Las referencias que plasma al respecto de su obra van hilando un conjunto en el cual se indistinguen ambos niveles, el propio y el común, en un todo coherente entre sí. El encuentro de Hellboy puede acontecer antes de la aparición de Cthulhu y que Lisa conozca el agujero del conejo de Alicia en el País de las Maravillas es óbice suficiente para convertirla en Ofelia y conocer al Fauno; la conexión entre el mundo general de lo fantástico y el particular de Del Toro sirve como agujero de gusano para comprender el mosaico general de una cultura en evolución, con infinitas conexiones entre sí.
El juego del quién es quién va más allá del juego en sí: lo interesante es ver como todo ello son conexiones que están ahí de facto, que siempre han pertenecido al imaginario no sólo de un autor, sino de una cultura. Conocemos las referencias, nos vanagloriamos en reconocerlas, pero nos reconforta hacerlo: comprobamos que entre el genio, que es aquel que habita el mundo ideal, y nosotros, que habitamos el triste mundo real, no hay tanta distancia como creíamos. Él es, al menos, tan pajero como nosotros.
Hay algo de reconfortante en descubrir que aquello que creíamos infinitamente lejano, pero absolutamente propio, es algo cercano y compartido por aquellos que nos son próximos, sea el género fantástico, Guillermo del Toro o Los Simpson. No hay distancia irónica en el acercamiento que ocurre en el gag del sofá: para que existiera cierta distancia que implique burla, desaprobación, tendría que perder por el camino su sentido de la maravilla. Como admitir que no había de que maravillarse no es una opción para Los Simpson, menos aún para Del Toro, asumen el arduo camino de encontrar el modo de congeniar aquellos mundos que nunca parecían haber llamado a encontrarse; incluso así, tiene truco: Los Simpson, por mucha pretensión realista que tenga en muchas ocasiones, tiene una fuerte variante fantástica que permite introducir sin problemas variaciones a su canon básico. ¿Cómo consiguen hacer tal proeza? Del mismo modo que la realidad, que puede ser realista pero, a menudo, se permite desviaciones que la aproximan hacia algunas de las más desquiciadas fabulaciones de la fantasía, si es que no las supera.
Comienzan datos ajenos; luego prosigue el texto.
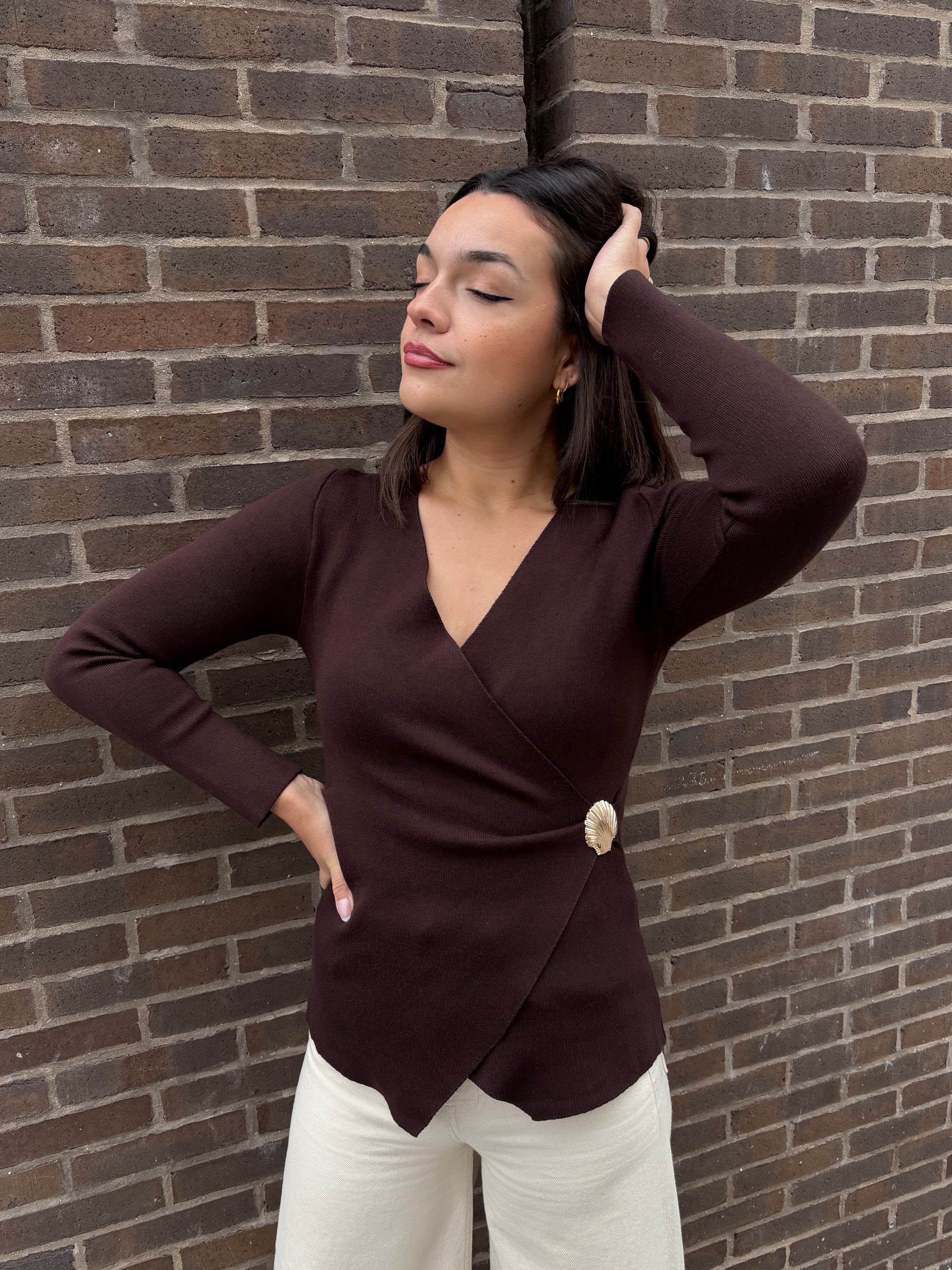 Pull marron cache coeur détail coquillage doré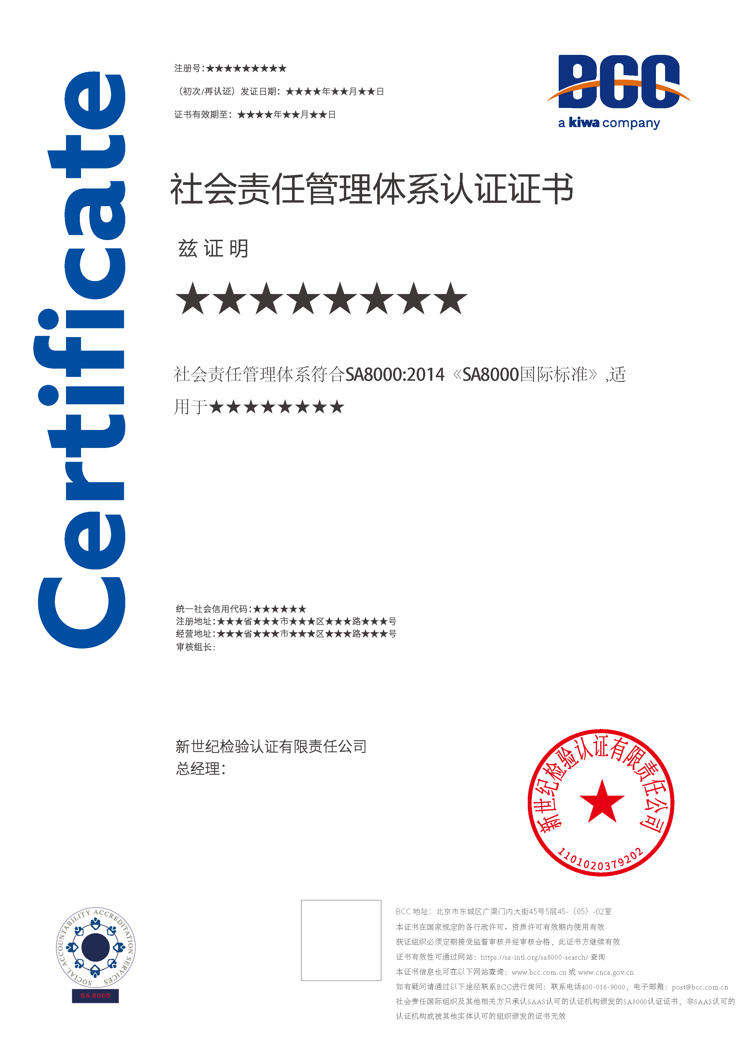 本頁涉及的認證服務中均有對應的《認證實施規(guī)則》,BCC擁有其最終解釋權。任何組織及個人未經(jīng)BCC許可,不得以任何形式全部或部分使用(法律要求除外)認證相關信息。如需獲取相關實施規(guī)則請用以下方式聯(lián)系獲?。弘娫挘?10-58579316 郵箱:fwjs@kiwa.cn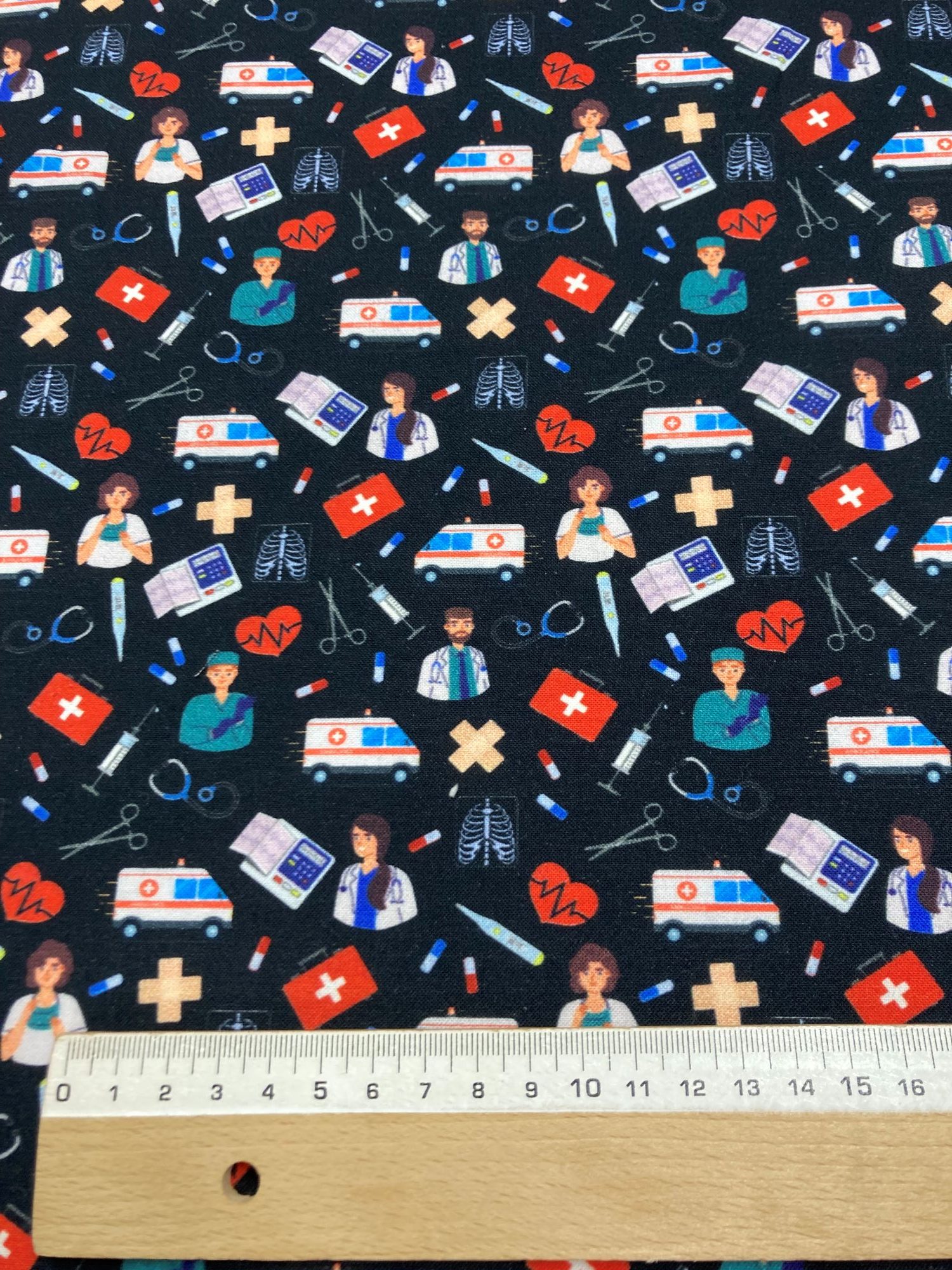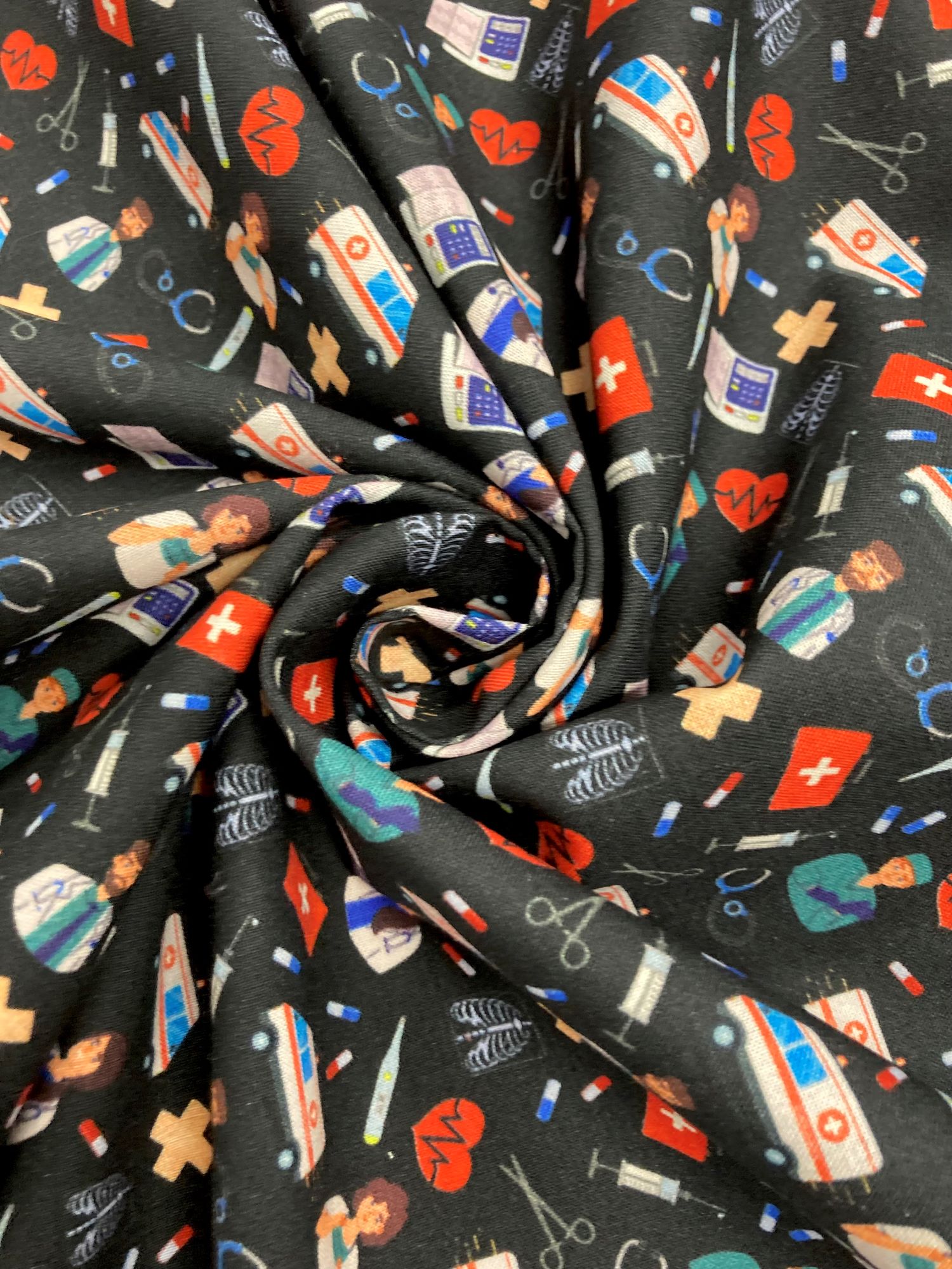 Esta tela de algodón tiene estampado de motivos sanitarios. Es ideal para confeccionar gorros quirúrgicos, salva bolsillos etc…

Más allá del juego meta‑, que siempre es una estupidez cuando se encuentra vacío, el interés de esta clase de juegos es descubrirnos como somos parte de una cultura que, aunque avance, incluso aunque nos resulte desquiciada, somos todos parte de ella. Habrá quién sólo reconozca a los monstruos clásicos o quién no pase de las referencias de ciencia ficción, pero el gag consigue algo impensable fuera de él: que todos nos reconozcamos como parte de ese mismo contexto fantástico. Eso es más valioso que cualquier mala ironía con la cual se pretenda enfangar la referencia como toda ausencia de amor propio.